Throughout the film, Tarantino gives us a series of cool characters – laid back Vincent, femme fatale Mia Wallace, tough but sensitive boxer Butch – and then strips away the façade. As Tarantino himself puts it, each of these characters could be the star of their own movie, and they act as if they are (it’s not surprising that Vincent and Butch bristle when they briefly cross paths: it’s as if the leading men from two separate films met in the same narrative). All, to start with, carry the kind of self-possession only movie characters can sustain. It is a trait of the suave movie hero that they will always have the knowledge or skill a scene requires: James Bond, for example, is cool because he always knows what to do. The pop-cultural awareness shown by Tarantino’s characters is an everyday version of the same thing. When offered a choice between “Amos ‘n’ Andy” and “Martin ‘n’ Lewis,” Vincent is cool because he instantly picks up that he is being asked to choose between chocolate and vanilla. This is why Vincent and Mia get along so well in this scene: Vincent is in his element at Jack Rabbit Slims, and he seems smooth because he gets all the references and can do the right dance moves. (Hence his torment after he takes Mia home: he’s had a perfect date, but he can’t afford to capitalise on it).

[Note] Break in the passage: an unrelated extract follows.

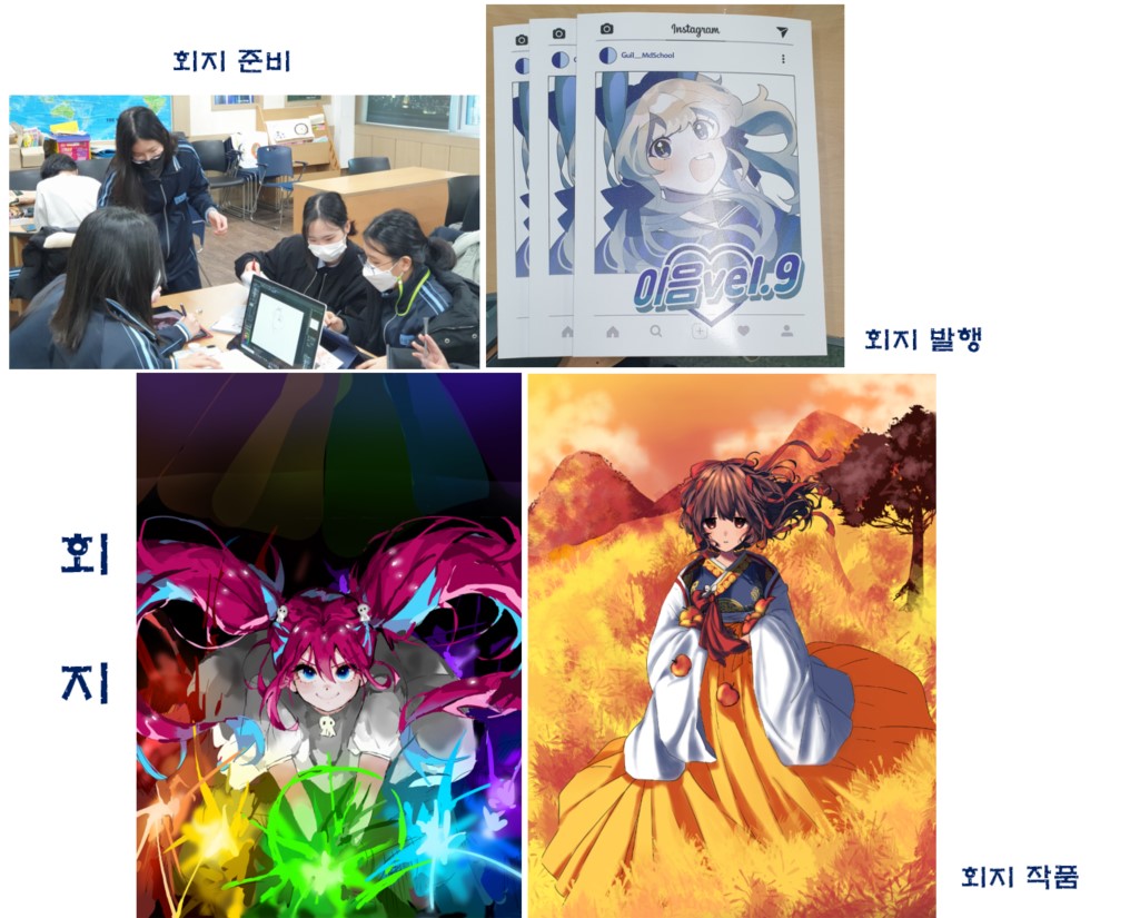 만화그리기반 학생들은 학년말에 ‘작은 전시회’와 ‘회지 발행’을 통해 추억과 더불어 자신감과 자존감도 쌓는 소중한 시간을 가졌다.

In real life it’s impossible to maintain such a front. Sooner or later someone will offer us the choice of “Amos ‘n’ Andy” or “Martin ‘n’ Lewis” and we will respond simply with a befuddled “huh?” Pulp Fiction is an extended examination of these self-confident criminals in just such moments: discovering they are not quite as together as they thought they were. Vince, always in the bathroom at the wrong time, is reduced to a nervous wreck by Mia’s overdose, splattered in blood, stripped of his uniform and dressed like a “dork,” embarrassed by the much cooler Winston Wolf, and finally gunned down by Butch. Mia, for all her status and assurance, can’t tell her drugs apart and overdoses, reducing her to the level of a mere junkie. Butch is beaten, bound, gagged, and only narrowly escapes being raped by sadomasochistic urban hillbillies. Minor characters fare even worse. The kids who stole from Marcellus are all killed; Marvin, who presumably thought he’d escape this fate by acting as informant, has his head blown off.

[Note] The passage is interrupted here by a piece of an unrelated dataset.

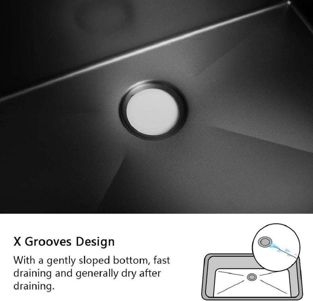 Stainless steel sinks combine fashion with function to create a contemporary look for the kitchen. Stainless bar sink constructed with premium 18-gauge thick grade stainless steel for durability and strength.The corrosion-resistant surface is further protected from rust and oxidation by a meticulous finishing process.X water guiding line at the bottom of the sink have fast drainage and long-lasting. Sloping bottom with groove allows complete drainage. Modern R10 easy clean curved corners.

In Tarantino’s universe, crime doesn’t pay, and the characters’ cultivated veneer of cool provides only the illusion of control. The film’s non-chronological structure serves to heighten the impact of the choices made by the protagonists. At the end, a chastened Jules feels he has received a message from God and decides to quit the “life.” Vincent argues with him, and both leave the diner in a mock-victorious moment at film’s close, having regained the suitcase and dealt with the robbery. Yet Tarantino has let us know that Vince won’t survive: he doesn’t heed the warning and is bloodily dispatched by Butch. Butch, like Jules, is a character who has flirted with crime and come close to death, but is now trying to escape. As such, Butch earns the film’s other happy ending, riding off into the sunset on his motorbike. Throughout his first three films, Tarantino privileges the characters trying to get out of the criminal world: those who seek it out almost invariably end up dead.

Pumpkin and Honey Bunny’s bracketing story highlights one couple as they make the wrong choice. The rest of the film shows what’s wrong with their supposedly safe plan for robbing cafes: in Tarantino’s world, hubris is no protection. No matter how tough and cool a Tarantino character is, there’s always somebody else badder, meaner or simply luckier around the corner. Pumpkin is fortunate that in this case it’s Jules, who’s going through a “transitional period.” As Jules points out, small time criminals like Pumpkin are in fact “the weak,” and they will always be vulnerable to bigger fish like Jules: the “tyranny of evil men.”

Tarantino’s imitators may be more purely entertaining: Guy Ritchie’s Lock Stock and Two Smoking Barrels and Snatch are probably funnier than either Pulp Fiction or Reservoir Dogs. Yet few of those who have followed in Tarantino’s wake have demonstrated the underlying intelligence that is found in Tarantinos’ films.